При этом одним из возможных последствий станет то, что сопротивление на оккупированных территориях после Второй мировой войны будет восприниматься как «сопротивление денацификации». Прецедентов пока нет, но такое толкование вполне возможно.
И, конечно же, подчеркивается особая гордость за роль государства, у которого если и было что-то плохое, то лишь «трагические страницы». Я напоминаю: по определению жанр трагедии не предполагает наличия виноватых. Трагедия — это когда случается нечто плохое, но никто в этом не виновен. Так сложилась судьба, вмешались высшие силы.
Недавно вышла книга московского историка Сергея Бондаренко «Потерянные в памяти: общество „Мемориал“ и борьба за прошлое в России». Чем она примечательна? Автор, бывший сотрудник «Мемориала», пытается понять, как организация, десятилетиями восстанавливавшая историю террора, сама стала жертвой этого террора. Он ясно пишет: сегодня мы не можем изучать историю политического террора, не изучая историю самого «Мемориала», который, хотел он того или нет, стал частью этой истории. С одной стороны, это очень добрая книга, написанная с огромной любовью, но с другой — очень грустная. Автор показывает, как именно отношение к государству стало тем капканом, в который попал даже «Мемориал». Он демонстрирует, какой крошечный шанс существовал для того, чтобы сделать тему государственных преступлений частью официальной политики памяти в России, и как этот шанс был упущен.
Это очень подробное исследование, учитывающее множество факторов. Например — и это произвело на меня сильное впечатление, — сопротивление самих жертв. В отличие от немецкого случая, в России сами выжившие в ГУЛАГе часто говорили: «Мы только хотим, чтобы признали, что нас арестовали зря, что это была ошибка». Они просили признать это «случайной ошибкой», считая, что в остальном у них могут быть прекрасные отношения с этим государством. Они были готовы все простить, лишь бы им вернули статус «честных людей». Когда же сами мемориальцы предлагали заявить, что все государство было преступным, жертвы отвечали: «Нет, это лишнее, это перебор».
Все упиралось в нежелание обличать само государство. В этом была определенная наивность: казалось, что государство само все поймет, если мы ему объясним. Как пишет Бондаренко, всем казалось, что мы в шаге от «нормального общества». Эта наивность сыграла злую шутку.
«Фигура „разворота“, обращения вспять постоянно вновь появляется в русской интеллектуальной истории»
Клемена Антонова:
Крестные ходы с иконами в военное время это нечто обыденное для восточнохристианской цивилизации. Это восходит к поздней античности, Византии, Средневековью. Пожалуй, самая известная сцена такого рода есть у Толстого в «Войне и мире» — русская армия перед Бородинским сражением и шествие с иконой. И когда вы видите, как сегодня российская армия использует иконы в Украине, как священники едут туда, благословляют солдат и несут образа, — вся идея этого, очевидно, заключается в том, чтобы подключиться к этой долгой истории и представить войну как часть многовековой традиции. Это неразрывно связано с тем, насколько важным стало преподносить эту войну как войну против «коллективного Запада», а не против другой страны с преимущественно православным населением.

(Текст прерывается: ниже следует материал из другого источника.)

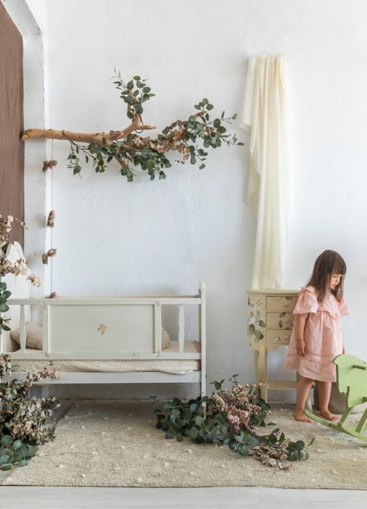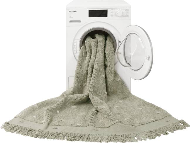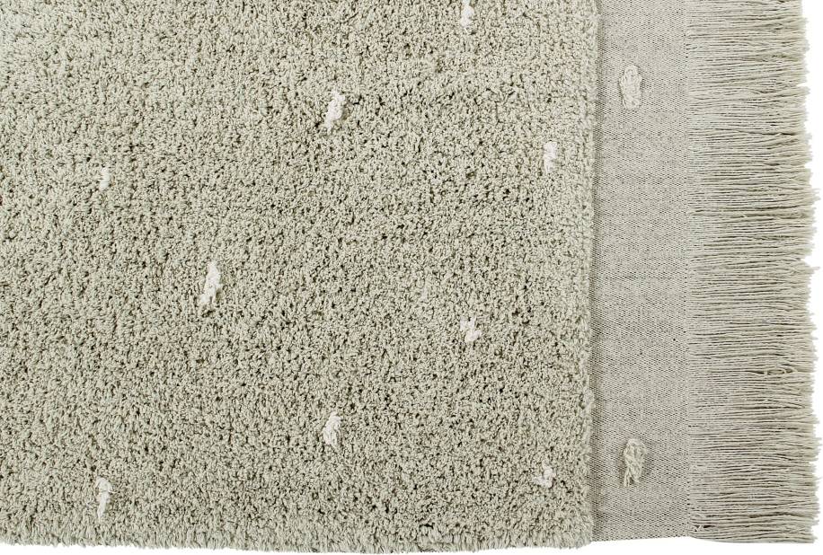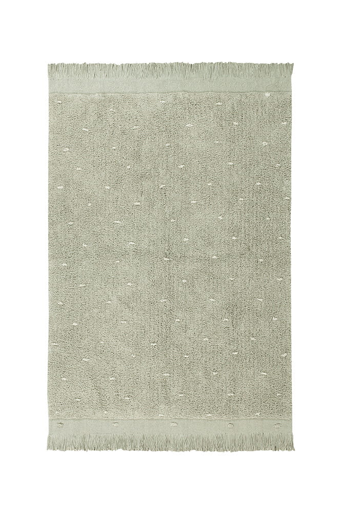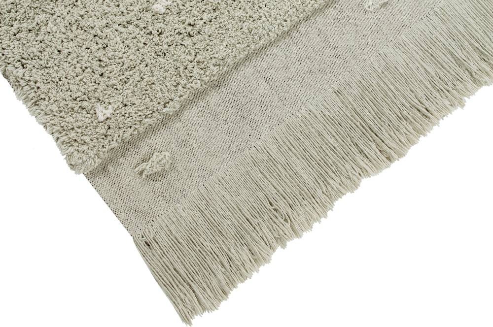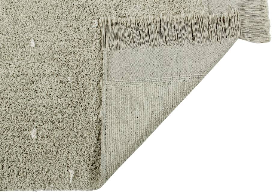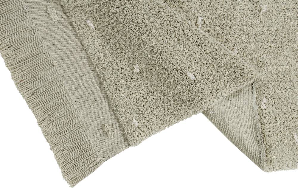 Prostokątny dywanik wykonany jest z bawełny, z małymi kropkami, imitującymi trawę na bawełnianej podstawie w odcieniu Olive. Płócienna podstawa, widoczna na krawędziach dywanu, dodaje mu naturalności i lekkości, a frędzle w tym samym kolorze na zakończeniu dywanu są pięknym, dekoracyjnym akcentem.

Русская философия иконы, впервые разработанная в начале XX века, с самых своих истоков была частью философского проекта, задуманного как антизападный, как вызов западному либерализму. Многие из этих действительно ярких работ об иконе написаны философами, которые были явно вовлечены в проект контрпросвещения.

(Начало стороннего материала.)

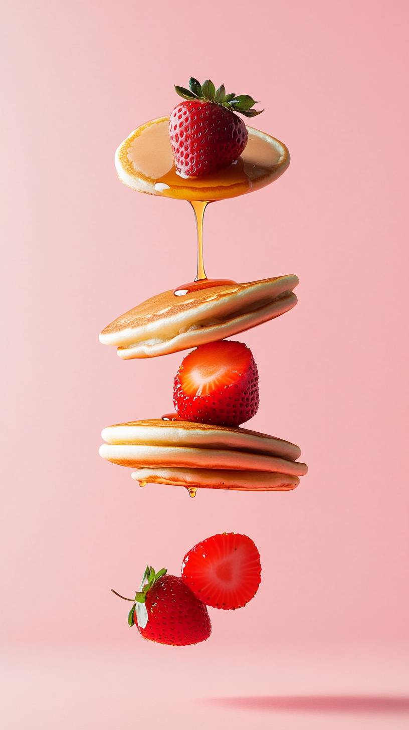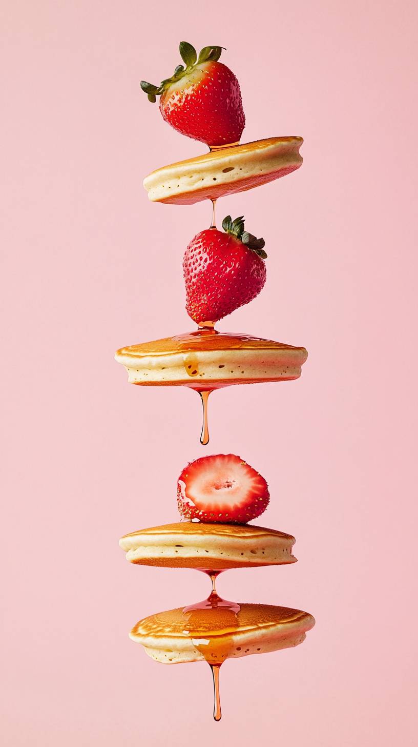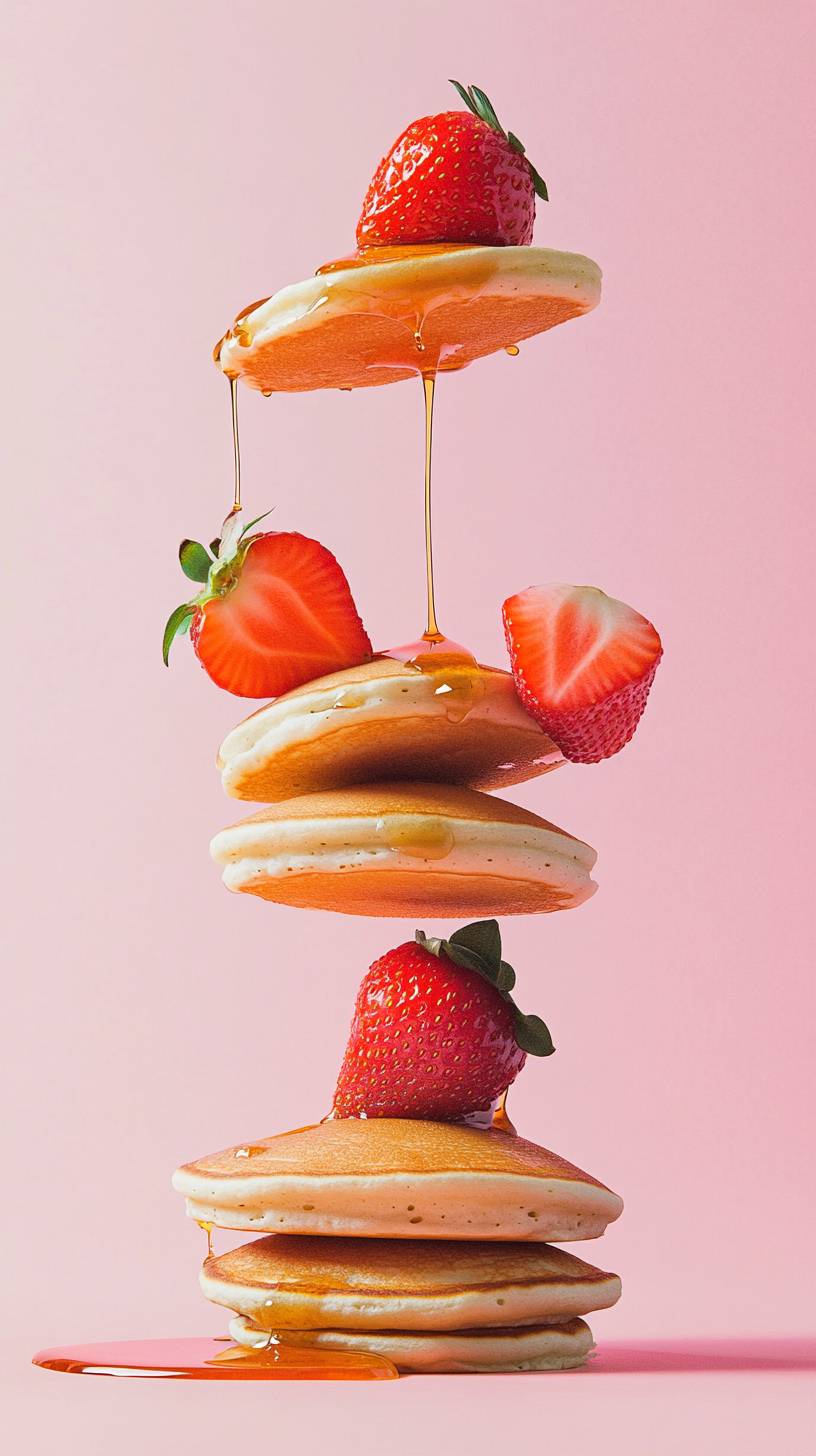food photography, studio lighting, different angle of pancake, maple syrub and strawberry falling on top each other in different angles, remind me of japanese rock balance technique, isolated pastel background --ar 9:16 --stylize 50 --v 6.1

Один важный человек, которого в отечественном искусствоведении часто считают отцом всей дисциплины, — Никодим Кондаков; именно он заложил основы изучения средневековой иконы. Если вы почитаете его мемуары, он рассказывает, как вместе со своим другом князем Сергеем Шереметьевым ходил к императору и убедил Николая II стать покровителем Комитета попечительства о русской иконописи. Главным аргументом было то, что икона может служить средством поддержки русского самодержавия. И я думаю, что эта часть — самые истоки теории — как раз и восходит к такому образу мыслей: использованию иконы в политических проектах.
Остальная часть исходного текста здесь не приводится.